# How do Maxwells equations result from the field tensor?

by Azelketh
Tags: equations, field, maxwells, result, tensor
 P: 36 Hi, I've been trying to solve problem 2.1 a in Peskin and schroeder, an introduction to QFT. The problem is to derive Maxwells equations for free space, which I have almost managed to do, using the Euler- lagrange euqation And the definition of the field tensor as $$F_{μv} = d_μ A_v - d_v A_μ$$ So I have managed to get to; $$0=d_μ F^{μv}$$ But I am unable to see how this shows Maxwells equations. Any points would be appreciated. Thanks.
 Mentor P: 15,405 In what variables are Maxwell's equations usually expressed?
 P: 36 My apologies for a less than comprehensive post at first; Well, usually in the vector form of E and B or the 4 vector A, where; $$A= ( \phi, \vec{A} )$$ where$$\vec{A}$$is the magnetic vector $$\phi$$ is the scalar electric potential. $$E = -∇\phi - \frac{\partial\vec{A}}{\partial t}$$ And, $$B= ∇ X \vec{A}$$ It's clear to me that 2 of maxwells equations result directly from this definition; $$∇.B = ∇. ( ∇ X \vec{A} ) = 0$$ and $$∇ X E = ∇ X ∇\phi - ∇ X \frac{\partial\vec{A}}{\partial t}$$$$∇ X E = ∇(∇ X \phi) - \frac{\partial (∇ X\vec{A} )}{\partial t}$$$$∇ X E = 0 - \frac{\partial ( B )}{\partial t}$$$$∇ X E = - \frac{\partial B}{\partial t}$$ Which leaves $$∇.E = 0$$ and $$∇ X B = \frac{\partial E}{\partial t}$$ to be found from $$0=\partial_μ F^{μv}$$ So I have tried putting in $$F_{μv} = \partial_μ A_v - \partial_v A_μ$$ To give; $$0=\partial_μ ( \partial_μ A_v - \partial_v A_μ )$$ $$0=\partial_μ \partial_μ A_v - \partial_μ \partial_v A_μ$$ so I then tried expanding this out, hoping that some terms would cancel and that I would recognize others and perhaps then they would be close to the E and B field formulation that I am more familier with. This yielded; $$\partial_μ \partial_μ A_v= \frac{\partial^2 \phi}{\partial t^2} + \frac{\partial^2 \vec(A)}{\partial t^2} + ∇^2 \phi + ∇^2 \vec{A}$$ And $$\partial_μ \partial_v A_μ = \partial_v \partial_μ A_μ = \frac{\partial^2 \phi}{\partial t^2} - \frac{\partial \vec(∇A)}{\partial t} - \frac{\partial ∇\phi}{\partial t} + ∇^2 \vec{A}$$ which when combined gives; $$0= \frac{\partial^2 \phi}{\partial t^2} + \frac{\partial^2 \vec(A)}{\partial t^2} + ∇^2 \phi + ∇^2 \vec{A} - ( \frac{\partial^2 \phi}{\partial t^2} - \frac{\partial \vec(∇A)}{\partial t} - \frac{\partial ∇\phi}{\partial t} + ∇^2 \vec{A} )$$ $$0= \frac{\partial^2 \vec(A)}{\partial t^2} + ∇^2 \phi + \frac{\partial \vec(∇A)}{\partial t} + \frac{\partial ∇\phi}{\partial t}$$ which is where I am scratching my head..... EDIT:replaced d's with $$\partial$$ as per dextercioby's suggestion.

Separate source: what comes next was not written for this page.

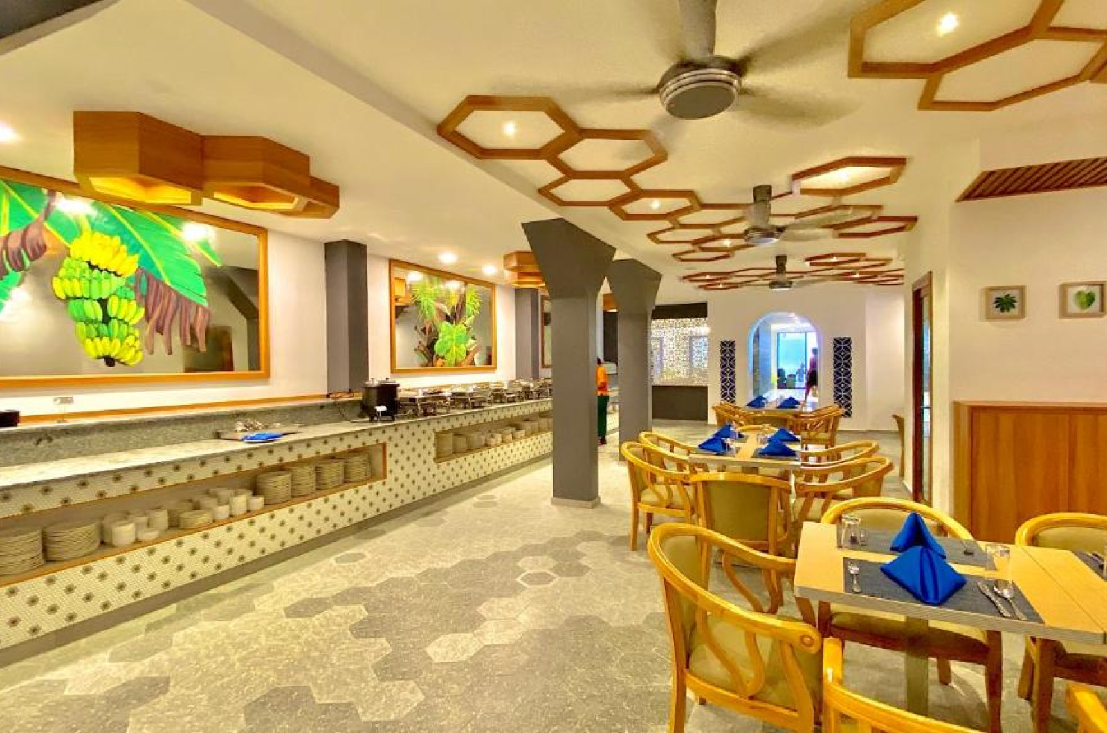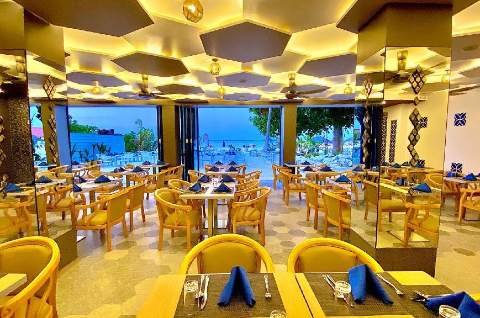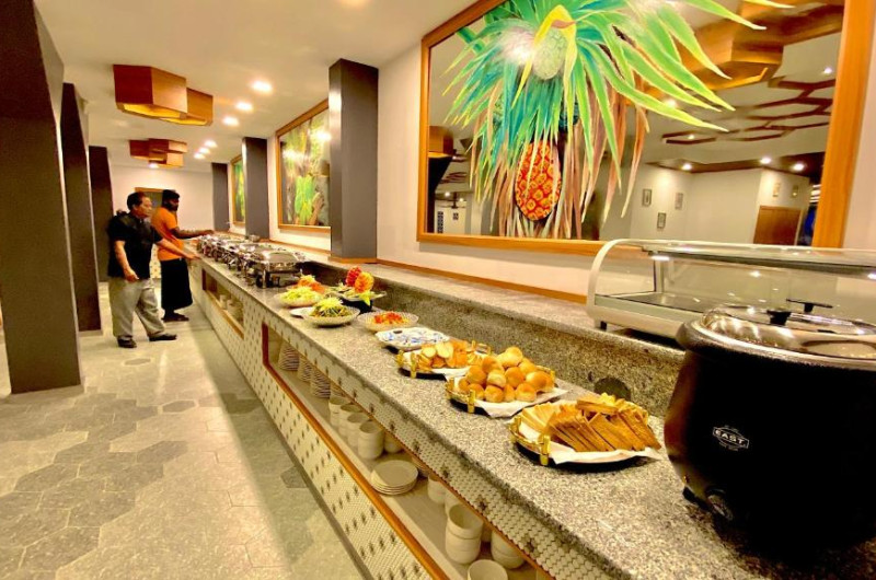 La proprietate poate savura un mic dejun tip bufet, continental sau american. Kaani Palm Beach are un restaurant care servește mancăruri din bucătăria internațională. La cerere, sunt disponibile și preparate fără lactate, halal și vegane.

I suggest one tiny bit of LaTex: $\partial$, i.e. \partial.
 PF Gold P: 647 at the end of post #3, like in the last 4 lines, you have vector things added to scalar things, which is no good. And on the left hand side of those lines there is a free index $\nu$ I think... Those are vectors. You can write it in a vector format, but the index is not summed over.